Вопрос был с подвохом. Сначала в больницу приехала Люся со своим режиссером, потом, спустя минут десять, оттуда ушла Танюшка. То есть Хвыля должен был оказаться на остановке в любом случае раньше девушки. Так почему же получилось, что Вера застала на остановке Андрея, а Тани там не было? На чем она уехала, если Хвыле пришлось ждать автобус полчаса? Вера Леонидовна, конечно, предполагала, что Таня опять «голосовала», несмотря на постоянные напоминания матери о том, что поздно ночью молодой женщине просто опасно садиться в машину к случайному водителю. Но было любопытно узнать, признается ли дочь.
— Попутку поймала, — ответила Татьяна. — Повезло, что лишний рубль завалялся. Но я только до метро, честное слово.
— Бить тебя некому, — вздохнула Вера. — Говоришь тебе, говоришь, предупреждаешь — как об стенку горох. Боря нашелся? Ты ему сказала?
— Да, ему дежурный, оказывается, все-таки передал, что я звонила. Борька сутки «сдаст» и поедет к отцу. А я после работы вечером подъеду.
— Какой смысл ему ехать? Его все равно не пустят ни в реанимацию, ни в интенсивную терапию.
— Он хочет с доктором сам поговорить, — пояснила Таня. — Тете Люсе не верит, и мне тоже. Ты же знаешь Борьку, он изначально убежден, что женщины обязательно что-то напутают или неправильно поймут. Он вечно за мной все перепроверяет. Мамуля, я побежала, а то опоздаю.
Вера положила трубку и скупо улыбнулась. Вот такой он, Борис Орлов… И дело совсем не в том, что он предвзято относится к женщинам, отнюдь. Вера сама много лет была следователем и прекрасно знает по себе, как быстро формируется привычка ничего не воспринимать и ничему не верить «с чужих слов». Есть даже такое понятие в теории доказательств, как «непосредственность восприятия». Следователь должен увидеть и услышать все сам.
Настроение стало получше. Саша жив, и угрозы жизни на данный момент нет, хотя положение серьезное, как передала Татьяна. Вера оделась, тщательно нанесла макияж и вышла из квартиры.
На лестничной клетке, на подоконнике одним пролетом ниже, сидел Андрей. Почему-то ей даже в голову не приходило, что он может не уйти. Когда складывается такая странная и не очень элегантная ситуация, ее участники обычно спешат как можно скорее покинуть место событий и унести ноги подальше. Увидев Веру, Хвыля встал и легко взбежал вверх по ступеням.

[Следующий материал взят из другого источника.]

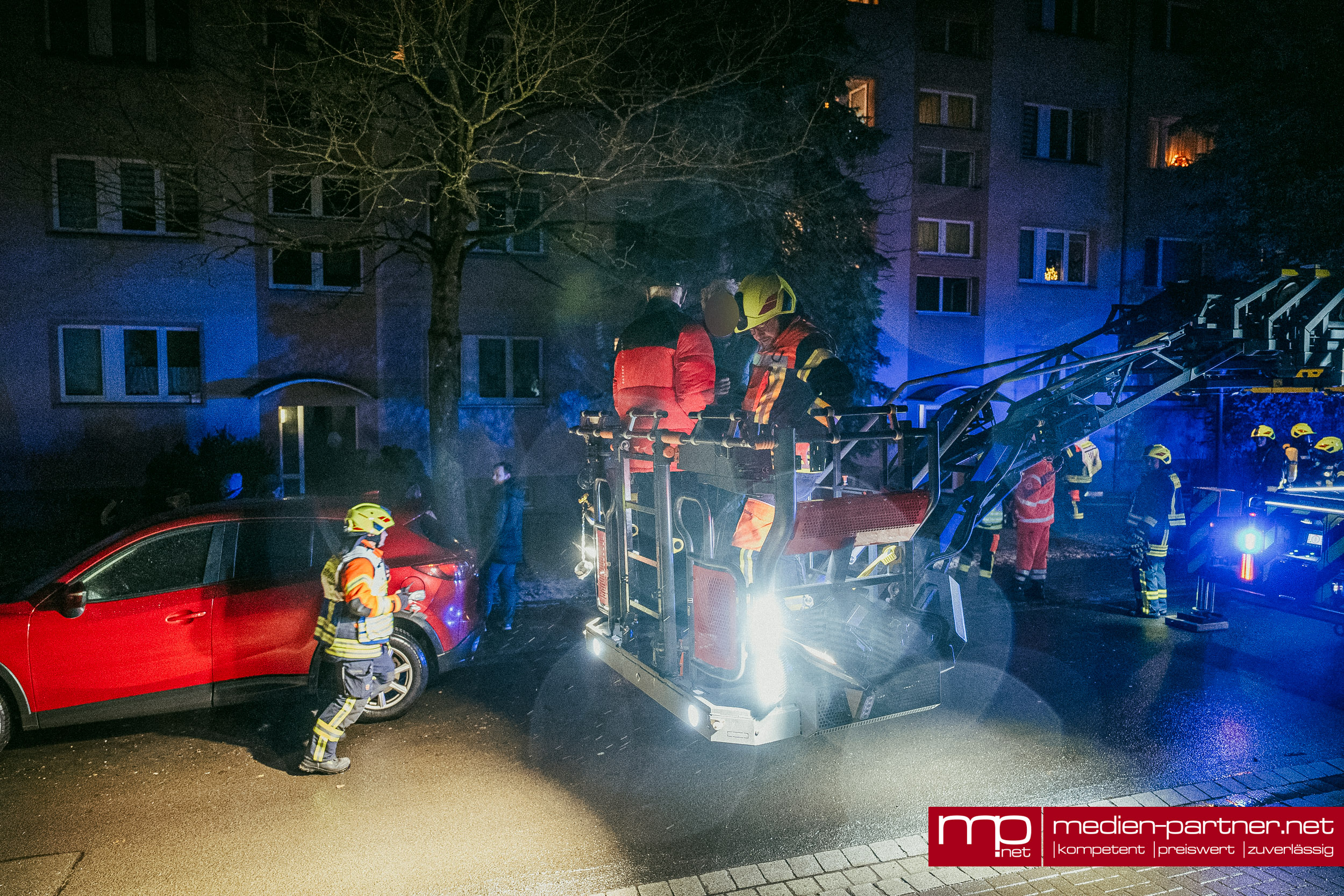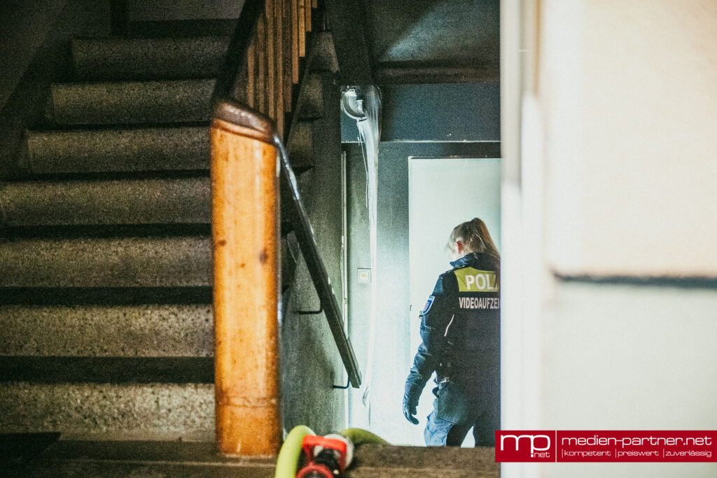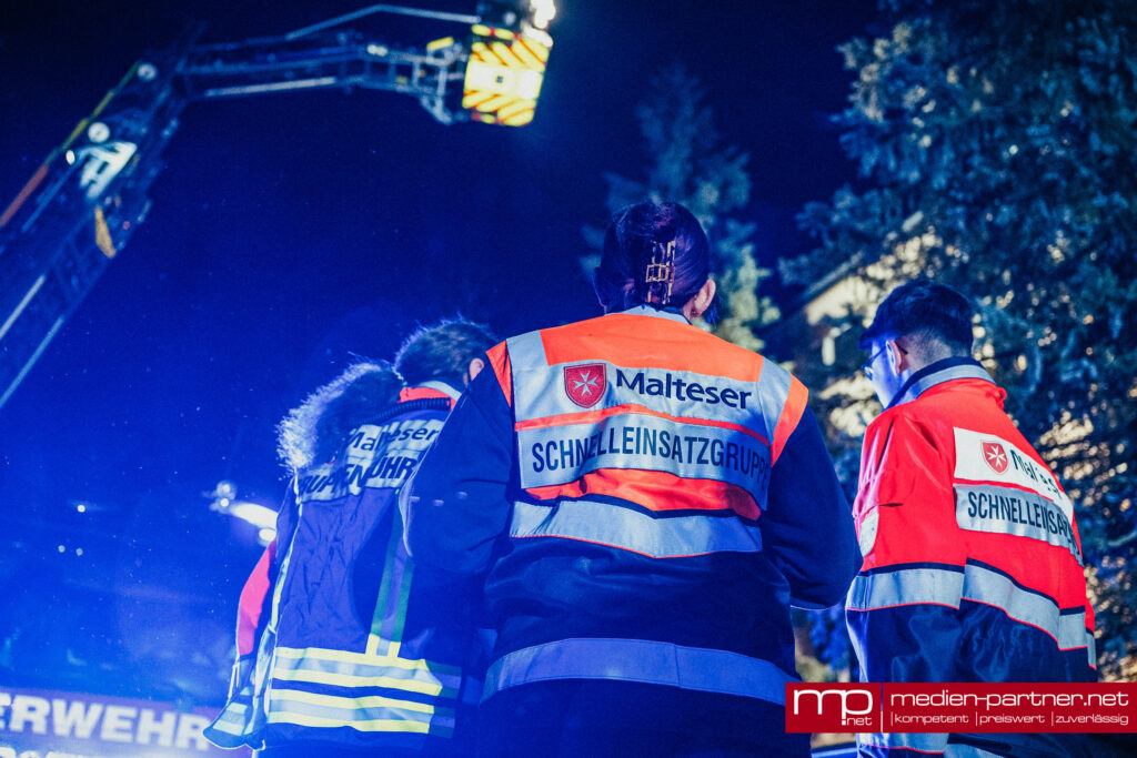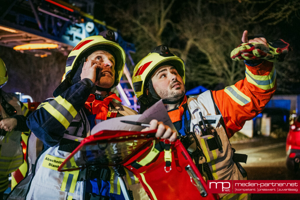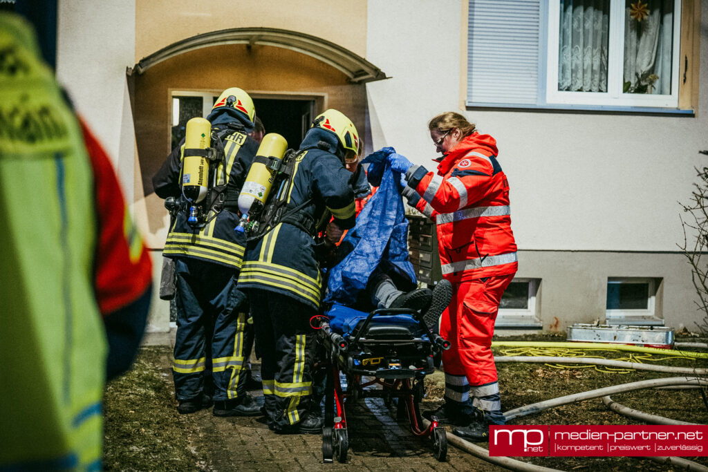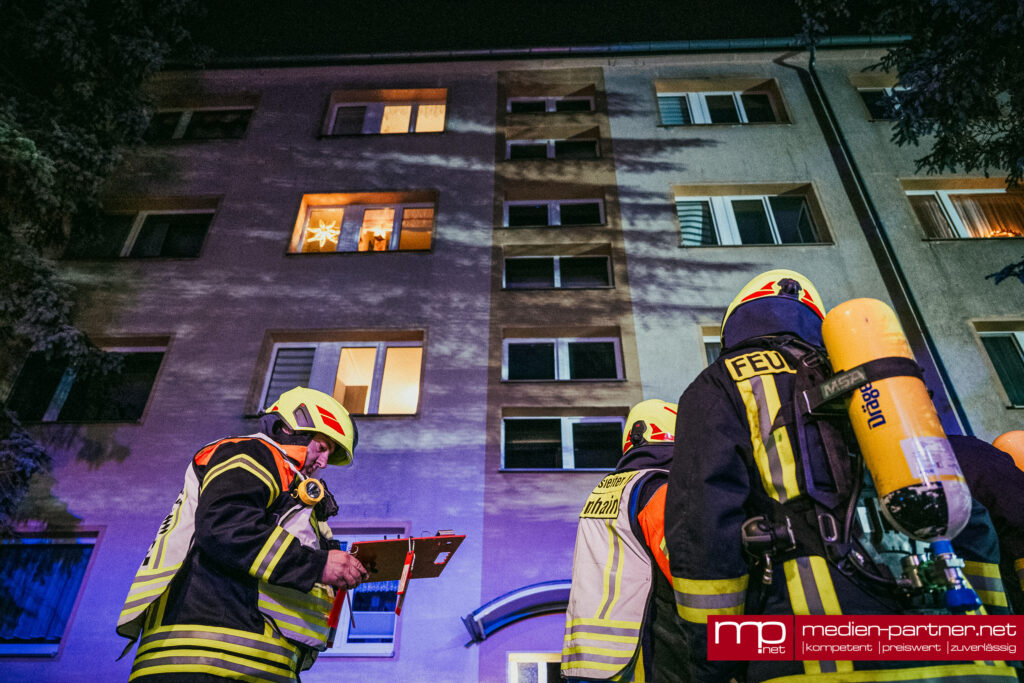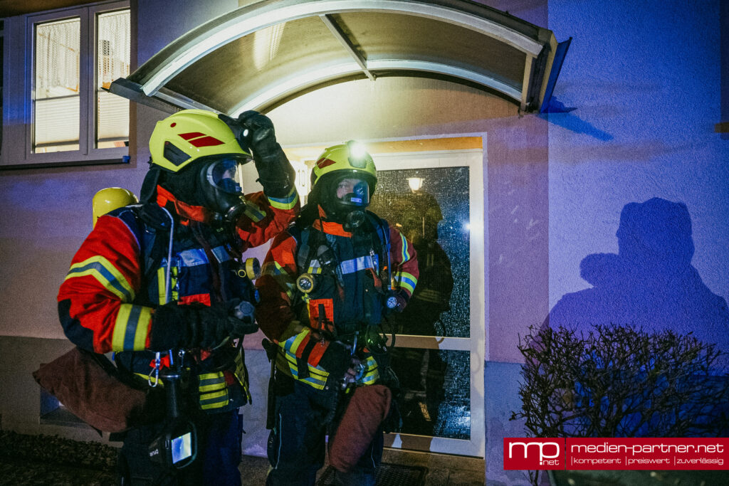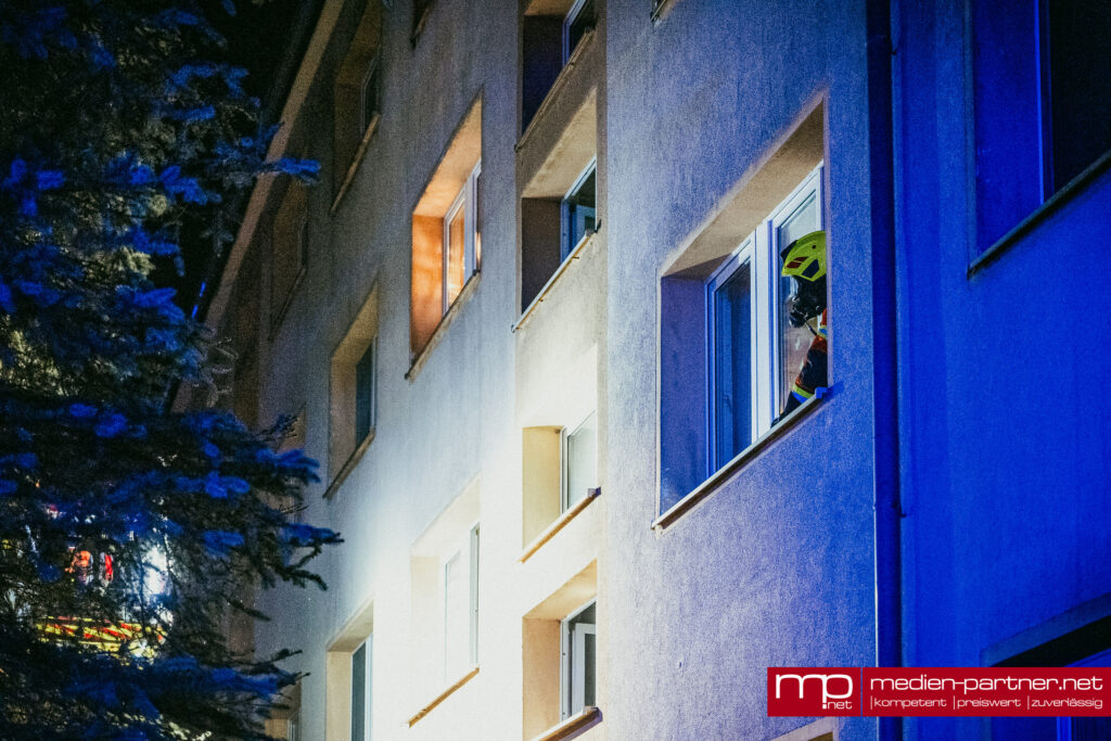 „Primär wurde die Personenrettung mittels Drehleiter durchgeführt. Atemschutztrupps brachten zudem Bewohner mit Fluchthauben durch die verrauchten Bereiche ins Freie“.

— Извини, один вопрос, можно? Я не задержу тебя надолго.
— Давай, — кивнула она недовольно, — только быстро, у меня мало времени.

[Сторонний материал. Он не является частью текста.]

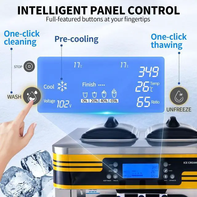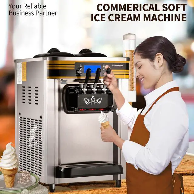 VEVOR Commercial Ice Cream Maker, 22-30L/H Yield, 2350W Countertop Soft Serve Machine w/ 2x6L Hopper 2L Cylinder LCD Panel Puffing Shortage Alarm, Frozen Yogurt Maker for Restaurant Snack Bar, Silver3 Flavors & 3 Distinct NozzlesHopper onto Another LevelBuilt-in Puffing TubesOne-click CleaningThoughtful DetailsPerfect for Various PlacesHopper Capacity: 1.6 Gal / 6 L,Refrigerant: R410a & R134a,Model: BJH288SR2JB-Y,Product Weight: 202.8 lbs / 92 kg,Cylinder Capacity: 0.5 Gal / 2 L,Compressor: 1050W,Ice Cream Output: 5.8-7.9 Gal / 22-30 L per Hour,Voltage & Power: 110V / 60Hz; 2350W,Product Dimensions: 29.3" x 21.3" x 34" / 74.5 x 54 x 86 cm

— Скажи… Вернее, представь, что Люся нас с тобой все-таки знакомит. Ну, допустим, так сложится помимо нашей воли. Как бы ты себя чувствовала? Какие мысли были бы? Какие ощущения?
Вера пожала плечами.
— Странный вопрос… Не знаю. Мне не приходилось бывать в подобных обстоятельствах.
— Что касается меня самого, то про себя могу более или менее точно спрогнозировать, что буду думать и чувствовать, — продолжал он, не замечая, как в глазах Веры Леонидовны загорается недобрый огонек. — А вот женщина… Твоего возраста и статуса… Никак не могу поставить себя на твое место, не получается.

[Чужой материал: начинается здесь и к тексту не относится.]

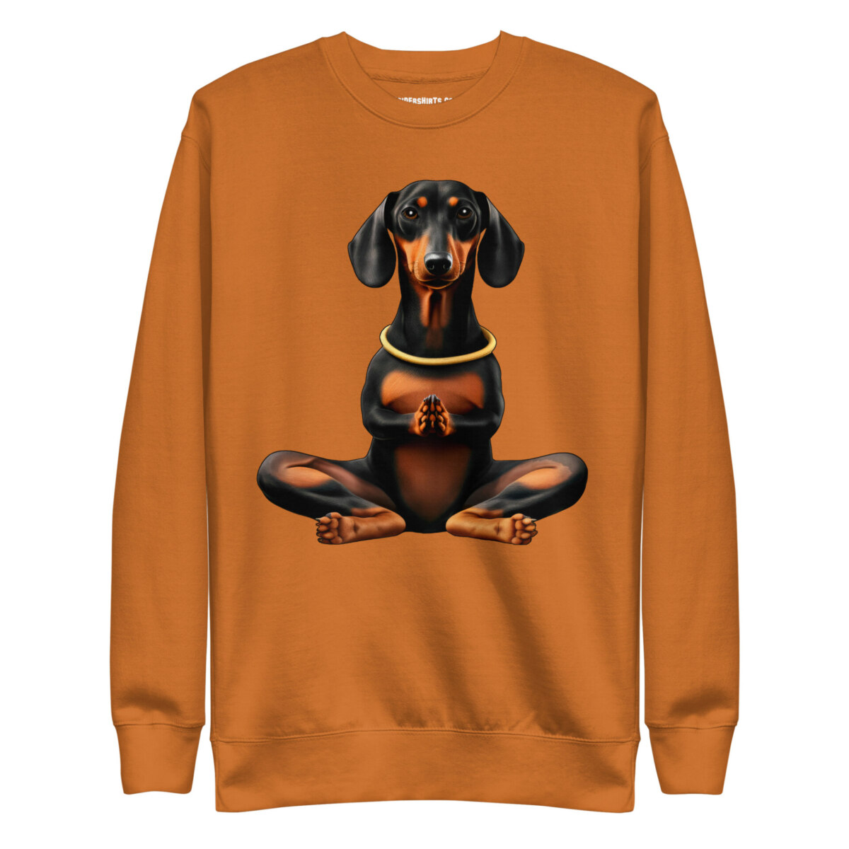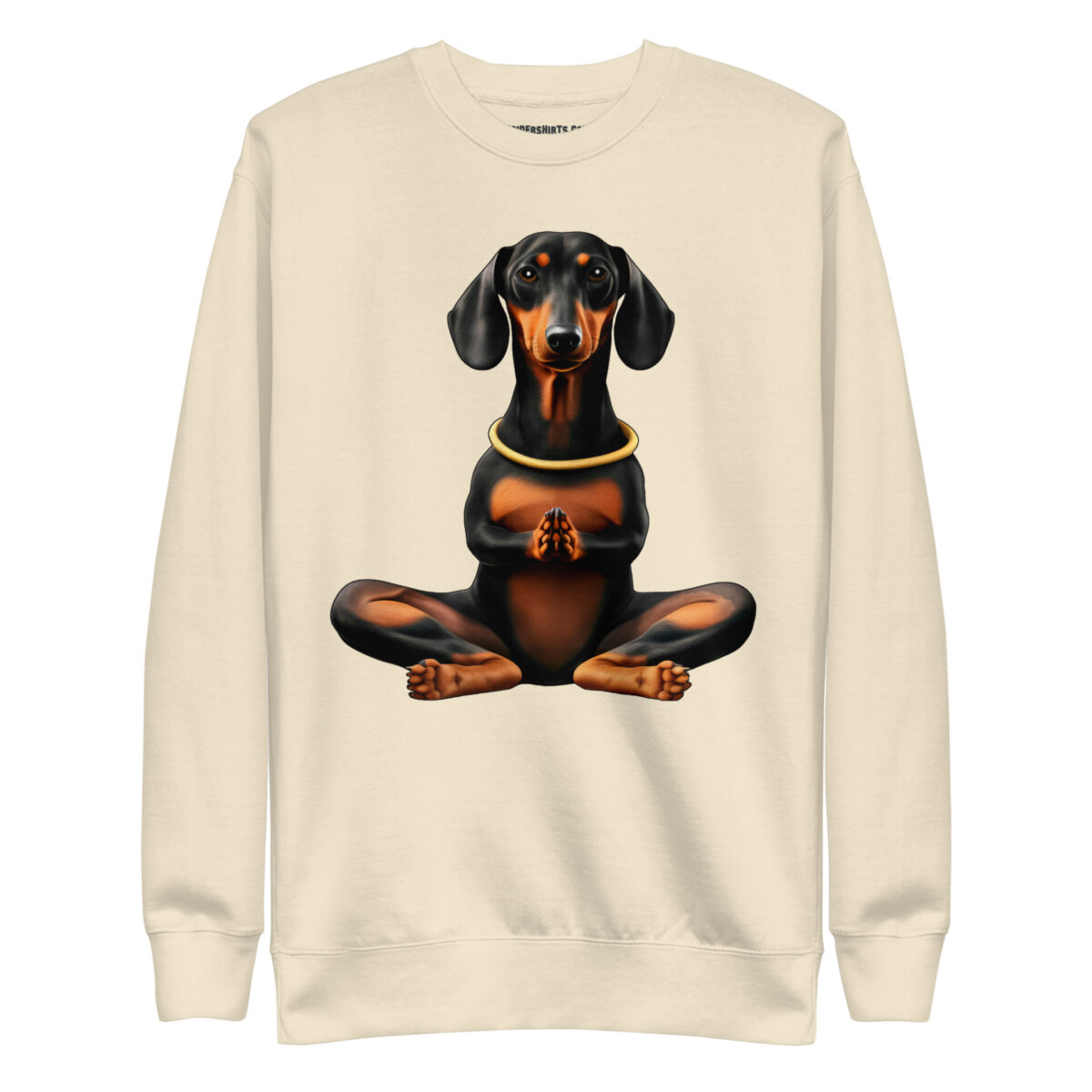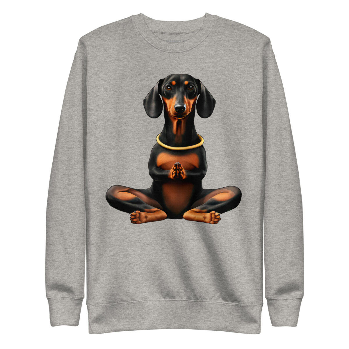 Dieser Yoga Pulli besticht durch seinen gerippten Rundhalsausschnitt und die hochwertige Passform. Dank der weichen Fleece-Innenseite ist dieser Yoga Frauen Pullover so gemütlich wie er aussieht. Ob als Einzelstück oder kombiniert – er ist der neue Favorit für jeden Dackel Fan. Ein echtes Must-have, das in der Garderobe stolzer Dackel nicht fehlen darf.

Как все оказалось просто! Случившееся ночью и утром для режиссера Андрея Хвыли станет материалом для будущего спектакля. Пьесу ему напишет его дружок Рустамов, о котором супруги Орловы много рассказывали. А может быть, Андрей и сам напишет, с него станется. Только вот женскую роль ему трудно прописать. Консультант понадобился.
Она резко отшатнулась и шагнула к лифту. Нажала кнопку вызова и процедила сквозь зубы:
— Если ты посмеешь это сделать, я тебя сгною. Вместе с твоим другом-драматургом. Как говорится, был бы человек, а статья найдется.
— Ты не…
Конец фразы обрубили автоматически сдвинувшиеся створки двери лифта.
«Умирать не хочется…»
«Пусть эта невыносимая боль в груди уже как-нибудь закончится, все равно как…»
Какая из этих двух мыслей была ярче и интенсивнее, Орлов не мог вспомнить, как ни силился. Они жили в нем одновременно, переплетаясь и перепутываясь, до тех пор, пока под действием препаратов не ушел болевой синдром. Тихий давящий ужас, который охватил Александра Ивановича в момент приступа, сменился вялым раздражением от собственной беспомощности, к которой он не привык. Нельзя вставать. Нельзя сидеть в постели, можно только лежать пластом и не шевелиться. Нельзя курить. Ничего нельзя. Даже в туалет сходить. «Неужели теперь так будет всегда?» — обреченно думал Орлов, лежа на койке сперва в реанимации, потом в палате интенсивной терапии. Беспомощность пугала не только тем, что он превратится в обузу для своих близких, но и унизительностью, как ему казалось, самой ситуации: женщины-санитарки подкладывают ему судно. «Лучше бы я умер, — то и дело мелькало у него в голове. — И зачем только меня откачали?»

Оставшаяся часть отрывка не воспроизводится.